*** Supplied material Section Begins ***
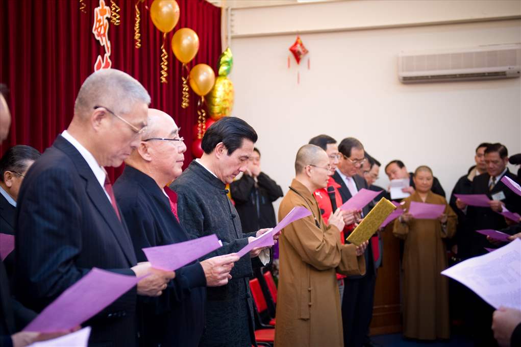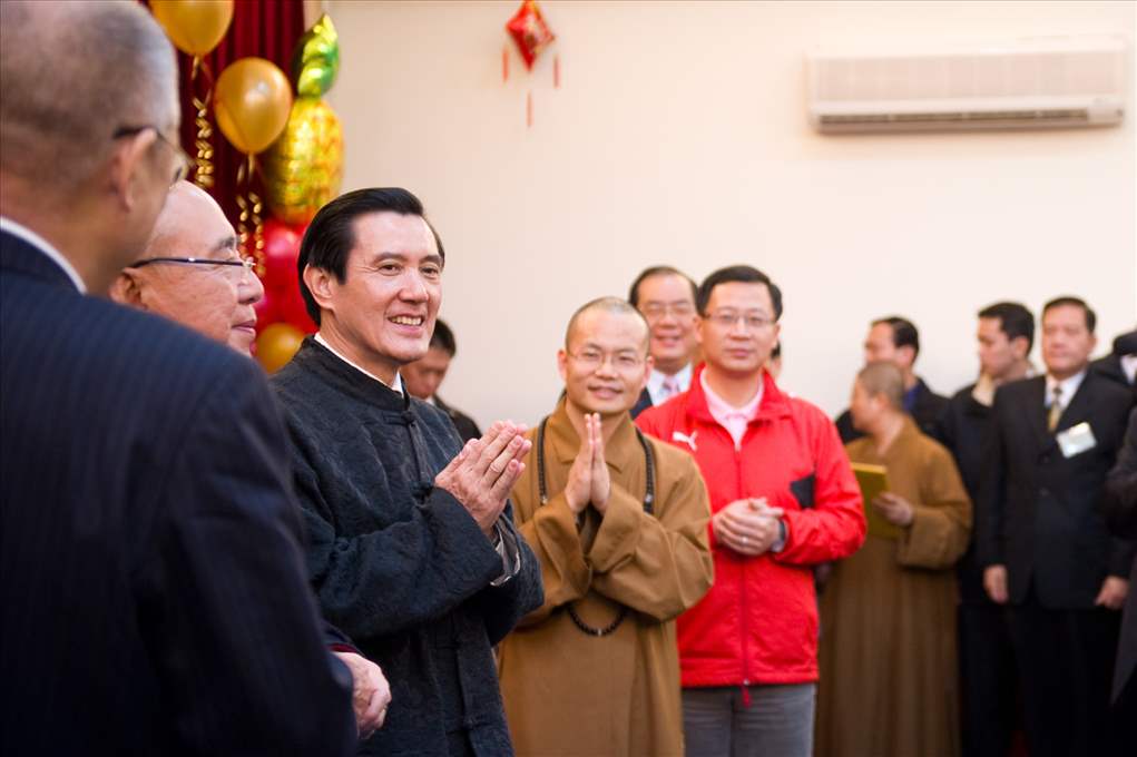 馬英九總統下午出席「佛光山禪淨中心禮佛及新春團拜」,總統由行政院長吳敦義、吳榮譽主席伯雄、桃園縣長吳志揚等人陪同出席。
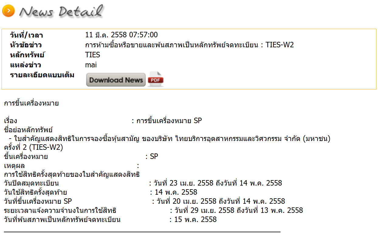 TIES-W2 : ซื้อขายวันสุดท้าย 17 เมษายน 2558
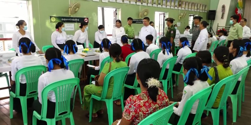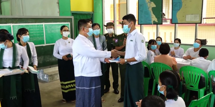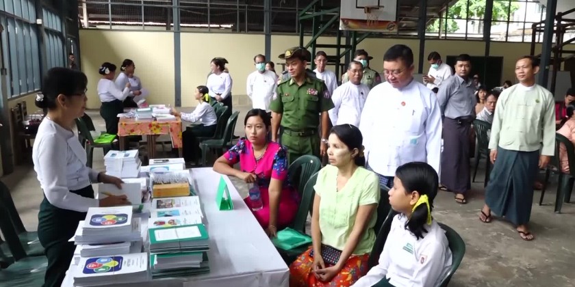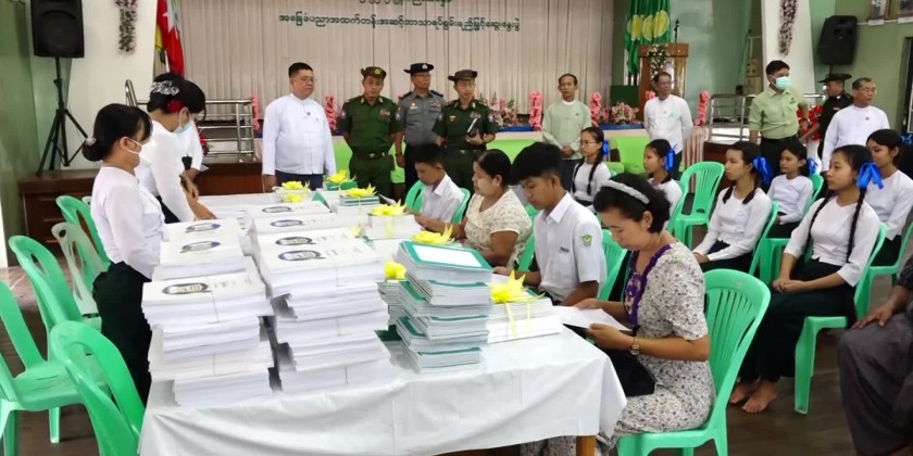 In Mon State, for 2023-24 Academic Year, school enrollments activities are being proceeded for every school-aged children to access learning opportunities and state chief minister inspected the school enrollment activities for 2023-24 Academic Year and state chief minister, state minister and district administrator provided the school textbooks, exercises, uniforms for primary students and stationeries to the students.
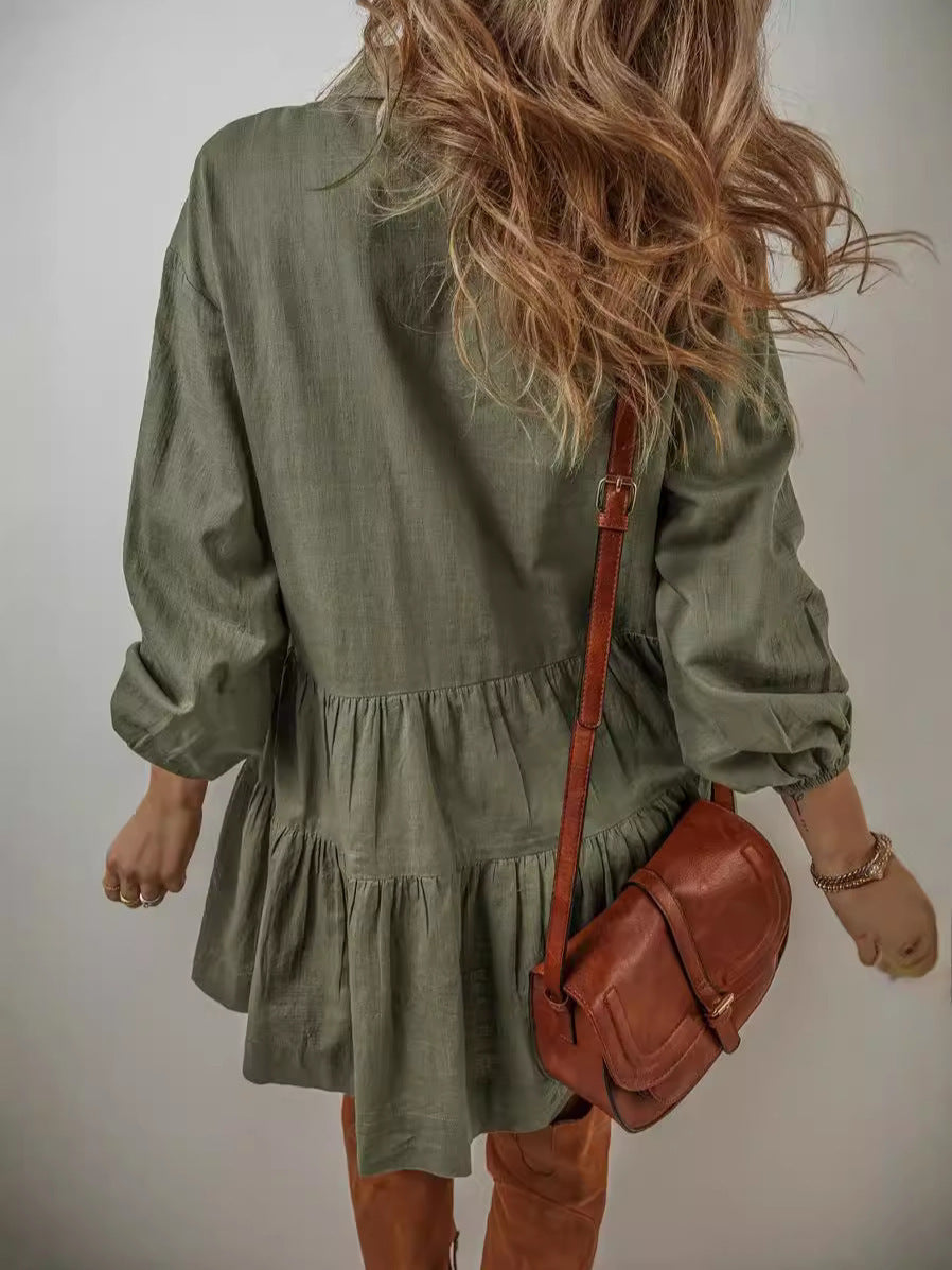 Damen Langärmliges Smockkleid mit Knopfdetails und Rüschen Fudus
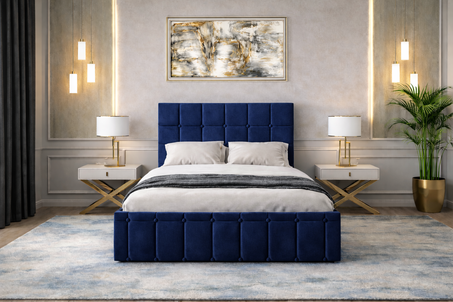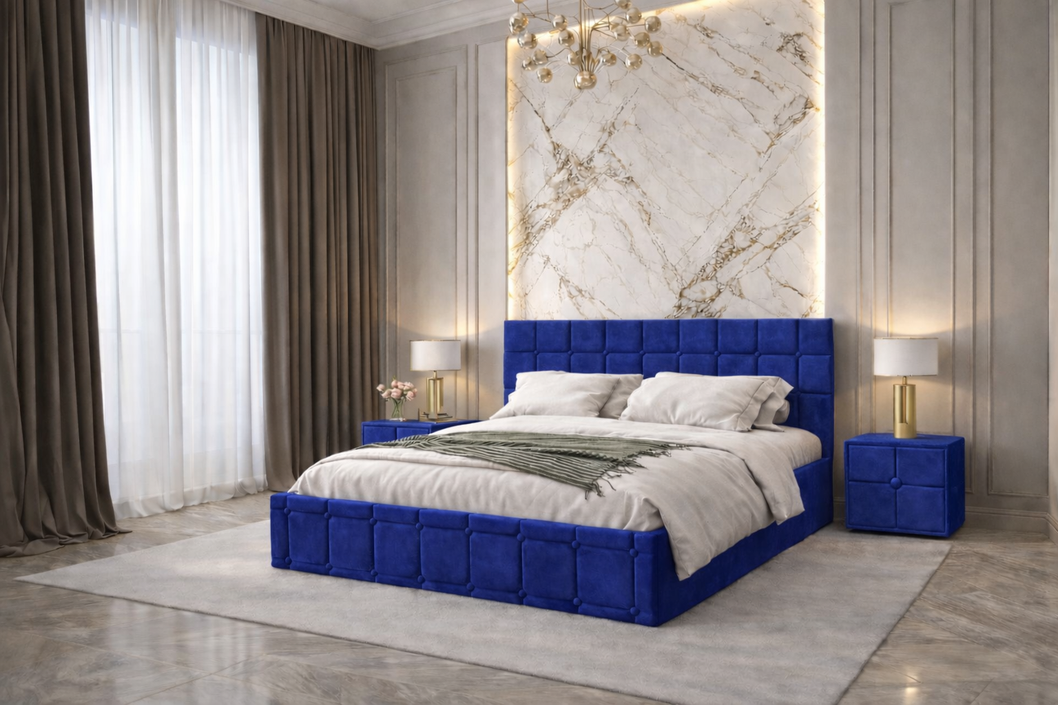 Pat tapitat Royal 140×200 cm, Albastru + Saltea Superortopedica Gold, grosime 20 cm + Set 2 noptiere Royal, Albastru
*** Supplied material Section Ends ***
Copy every record exactly, leaving the pictures out.

 馬英九總統下午出席「佛光山禪淨中心禮佛及新春團拜」,總統由行政院長吳敦義、吳榮譽主席伯雄、桃園縣長吳志揚等人陪同出席。
 TIES-W2 : ซื้อขายวันสุดท้าย 17 เมษายน 2558
 In Mon State, for 2023-24 Academic Year, school enrollments activities are being proceeded for every school-aged children to access learning opportunities and state chief minister inspected the school enrollment activities for 2023-24 Academic Year and state chief minister, state minister and district administrator provided the school textbooks, exercises, uniforms for primary students and stationeries to the students.
 Damen Langärmliges Smockkleid mit Knopfdetails und Rüschen Fudus
 Pat tapitat Royal 140×200 cm, Albastru + Saltea Superortopedica Gold, grosime 20 cm + Set 2 noptiere Royal, Albastru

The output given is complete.